## Work instructions
Output the lines of the listing below exactly, starting at the line containing "一通来自派出所的电话让所有人" and stopping after the last line, with any pictures dropped.

## Records to use
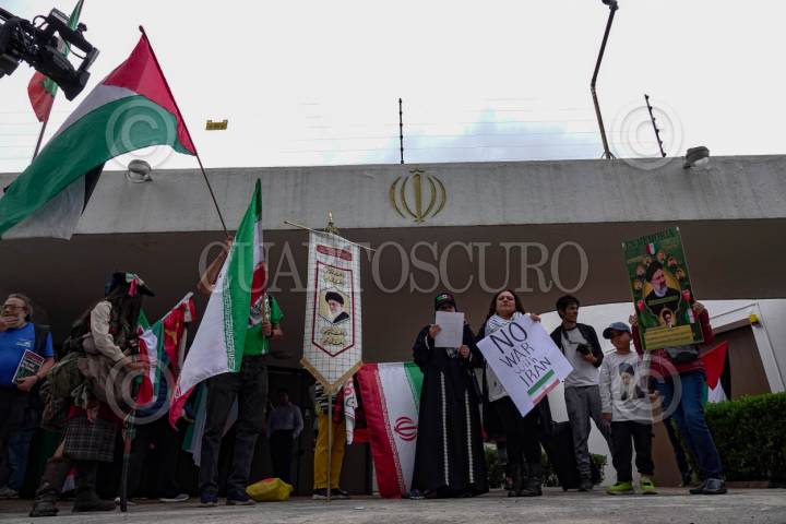 CIUDAD DE MÉXICO 21JUNIO2025.- Integrantes de diversos colectivos manifestaron su apoyo a el país de Irán frente a su embajada en México. FOTO:ROGELIO MORALES /CUARTOSCURO.COM
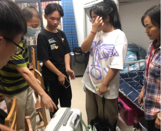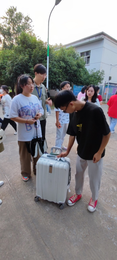 一通来自派出所的电话让所有人悬着心,21工商管理2班李冰玉焦急地向学校保卫处报警陈述自己的行李箱不慎丢失,通过志愿者在学校发布消息仍未找到,自己非常着急。接到保卫处电话后,776net必赢官网的刘波副书记第一时间赶到现场,与派出所干警、保卫处干部一起询问学生情况,安抚学生的情绪,并立即动员经管院学生干部和志愿者查找当班接待志愿者,同时到保卫处查看视频监控追踪行李箱去向。在志愿者负责人吴雨欣、谭澳东等同学们历经4个小时的不懈努力查找,行李箱终于在8栋被大家找到。在保卫处、宿委会、经管院学生志愿者的共同见证下,刘书记将行李箱交到李冰玉的手中,并嘱咐她及时告知家长、今后注意个人物品的保管等,李冰玉同学说:“十分感谢学院老师、同学们的帮助,让我能顺利找到行李箱,让第一次出远门的我感到了家的温暖。”
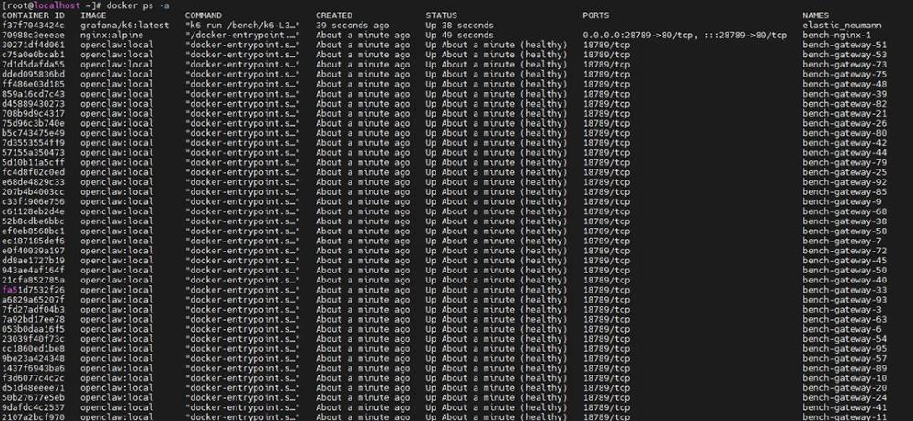 如下是元脑x86服务器部署OpenClaw的容器列表、运行状态与执行结果:
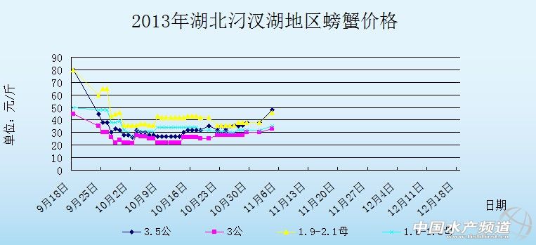 中國(guó)水產(chǎn)頻道獨(dú)家報(bào)道,據(jù)網(wǎng)友提供消息,11月4日湖北汈汊湖主產(chǎn)區(qū)河蟹價(jià)格行情如下:
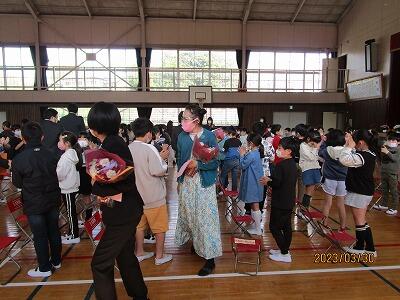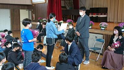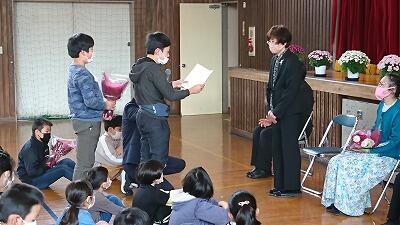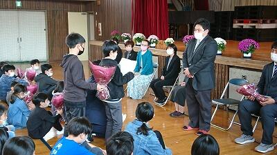 次に代表児童から、お一人お一人へお別れの言葉と花束を贈りました。
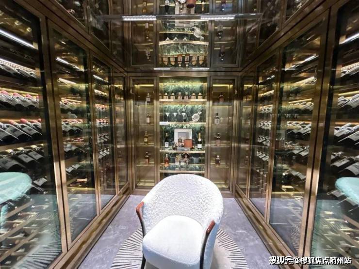 从静心凝神的茶室走几步,就到了藏酒饮酒的开放式会客空间,墙上橱柜码着主人从各处精心搜罗回来的上等佳酿。
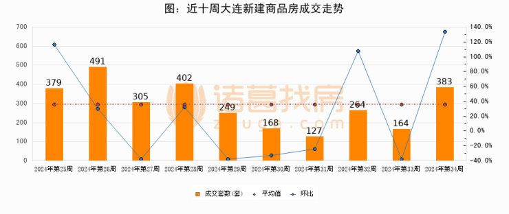 进入2024年第34周(08月19日-08月25日),大连新建商品房成交383套,较上周增加219套,环比上涨133.5%。从近十周成交来看,周均成交套数为293套,本周成交383套,高于近十周平均成交量30.7%。

## Task output
 一通来自派出所的电话让所有人悬着心,21工商管理2班李冰玉焦急地向学校保卫处报警陈述自己的行李箱不慎丢失,通过志愿者在学校发布消息仍未找到,自己非常着急。接到保卫处电话后,776net必赢官网的刘波副书记第一时间赶到现场,与派出所干警、保卫处干部一起询问学生情况,安抚学生的情绪,并立即动员经管院学生干部和志愿者查找当班接待志愿者,同时到保卫处查看视频监控追踪行李箱去向。在志愿者负责人吴雨欣、谭澳东等同学们历经4个小时的不懈努力查找,行李箱终于在8栋被大家找到。在保卫处、宿委会、经管院学生志愿者的共同见证下,刘书记将行李箱交到李冰玉的手中,并嘱咐她及时告知家长、今后注意个人物品的保管等,李冰玉同学说:“十分感谢学院老师、同学们的帮助,让我能顺利找到行李箱,让第一次出远门的我感到了家的温暖。”
 如下是元脑x86服务器部署OpenClaw的容器列表、运行状态与执行结果:
 中國(guó)水產(chǎn)頻道獨(dú)家報(bào)道,據(jù)網(wǎng)友提供消息,11月4日湖北汈汊湖主產(chǎn)區(qū)河蟹價(jià)格行情如下:
 次に代表児童から、お一人お一人へお別れの言葉と花束を贈りました。
 从静心凝神的茶室走几步,就到了藏酒饮酒的开放式会客空间,墙上橱柜码着主人从各处精心搜罗回来的上等佳酿。
 进入2024年第34周(08月19日-08月25日),大连新建商品房成交383套,较上周增加219套,环比上涨133.5%。从近十周成交来看,周均成交套数为293套,本周成交383套,高于近十周平均成交量30.7%。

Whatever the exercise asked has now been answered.